The Houstons had arrived in town just in time to join in the holiday festivities before heading on to Montana, where Sam Jr. was looking for some northern grazing land for his small herd of Texas cattle. And by the time they were packed again and ready to head on up the trail, the lovely Louisa had convinced Morgan to resign his Deputy Sheriff ’s badge and go along for the ride.
“So that’s how it is, Doc,” Morgan explained, when he dropped by John Henry’s rooms at the Dodge House to say goodbye on his way out of town. “Louisa’s leavin’ with her father, and I can’t let her get away, so I’m going along.”
The day was early yet, not even ten a.m., and John Henry had been asleep still when Morgan banged on the bedroom door, though, thankfully, Kate was already up and gone to breakfast.

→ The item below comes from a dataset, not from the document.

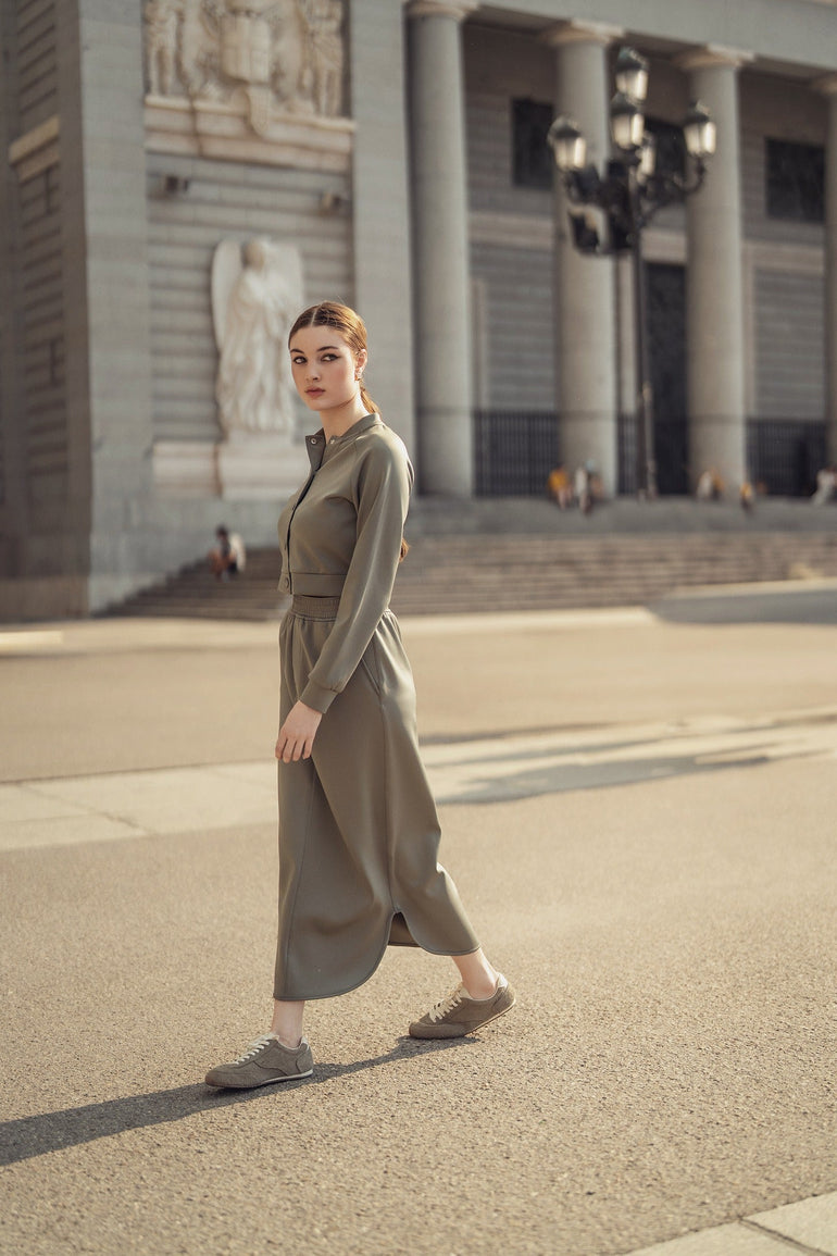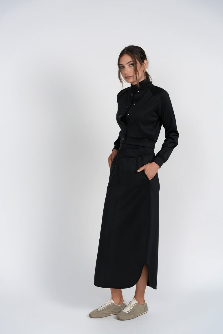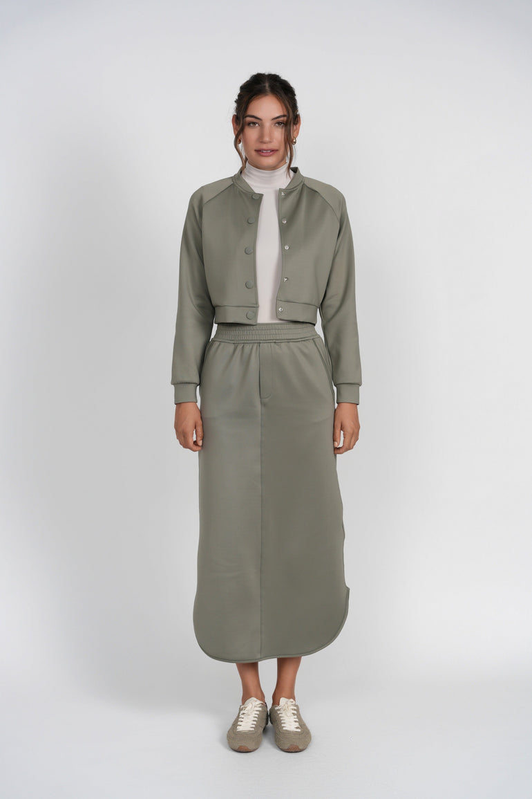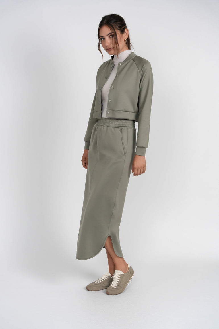 The Lottie Skirt is a sleek, straight silhouette crafted from structured scuba fabric, combining polished style with comfortable wear. Featuring an elastic waistband, it provides effortless fit and ease while maintaining a clean, modern line. Designed to pair perfectly with the Raven Bomber, this skirt is an elevated essential for chic everyday errands or casual city styling.

She always made sure to have some cutting remark ready whenever Morgan came to visit, though she hated Wyatt most.
“I know I said I’d never let no woman tie me down,” Morgan went on, as John Henry, still wearing the knee-length nightshirt he’d slept in, proceeded to shave and dress for the day. “But I’m not ashamed to say it, Doc: I’m in love! And if Lou will have me, I mean to marry her as soon as we get to Montana.”
“You mean if Sam Houston Junior will have you,” John Henry commented. “Sam’s careful of that girl, I’ve noticed. And I hear he’s got a regular arsenal on him. You know he learned to use a knife from Jim Bowie before the Mexicans got him at the Alamo? I’d be wary of becomin’ target practice, if I were you.” Then he wiped the shaving soap from his face, ran a handful of cologne through his sandy hair, and pulled off his nightshirt. Even in the near-hundred degree Kansas summer heat, a man had to dress properly: long flannel drawers under woolen trousers, cotton undershirt beneath crisp shirt bosom and starched collar and cuffs, round-collared vest buttoned under wool suit coat, linsey stockings inside ankle-high leather boots. He’d be sweating today before he even got out of his room.